Can Phagocytosis, Neutrophil Extracellular Traps, and IFN-α Production in Systemic Lupus Erythematosus Be Simultaneously Modulated? A Pharmacological Perspective
Stephanie Seidlberger, Sindi Huti, Santos Castañeda, Michael Schirmer, Julian Fenkart, Georg Wietzorrek, Sandra Santos-Sierra

TL;DR
This paper reviews current therapies for lupus and suggests combining drugs that target multiple immune processes could improve treatment outcomes.
Contribution
The novelty is proposing a combined therapeutic approach targeting IFN-α, NETs, and phagocytosis in SLE.
Findings
Inhibiting TLR 7/8 may reduce IFN-α production and NET formation.
Combining drugs targeting different immune processes could improve disease management.
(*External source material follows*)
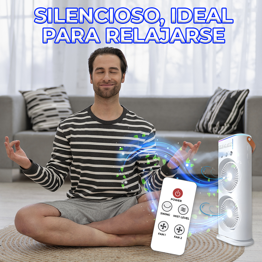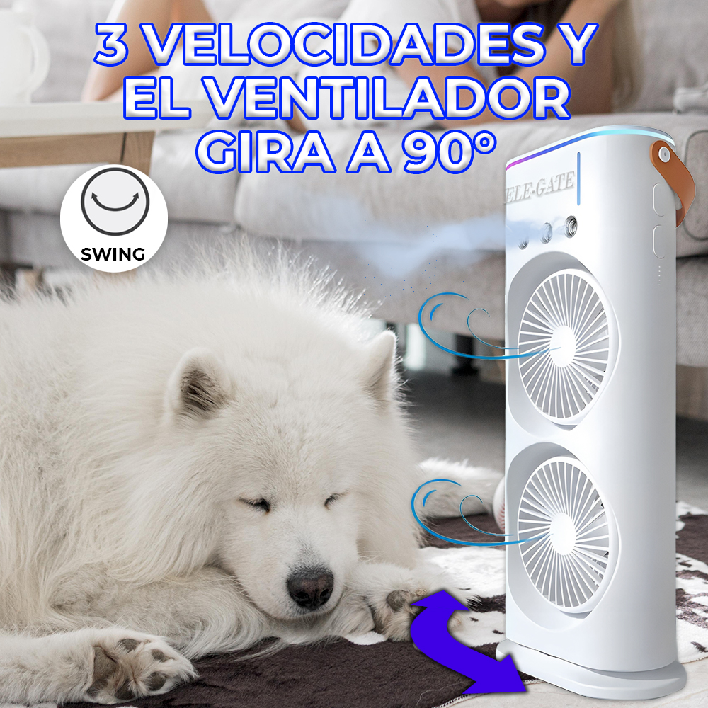 - Ventilador de torre doble con función de nebulización para un enfriamiento eficiente.

Current therapies have significant side effects and limited effectiveness.
Abstract
Systemic lupus erythematosus (SLE) is an autoimmune disease with multiple and heterogeneous clinical manifestations (e.g., skin lesions, kidney damage, neuropsychiatric dysfunction), that primarily affects women and whose etiology remains unclear. Various therapies that regulate and reduce the immune system activity are in use or are being developed; however, many of them have serious side effects. Therefore, new approaches are needed to maximize remission periods and reduce associated side effects. In this review, we summarize the currently recommended therapeutic strategies. Furthermore, we hypothesize that the combined use of drugs targeting various dysregulated cellular processes in SLE (i.e., cytokine production, neutrophil extracellular traps (NETs), phagocytosis) might have therapeutic potential, at least in some disease phenotypes. Preliminary data show that Toll-like receptors…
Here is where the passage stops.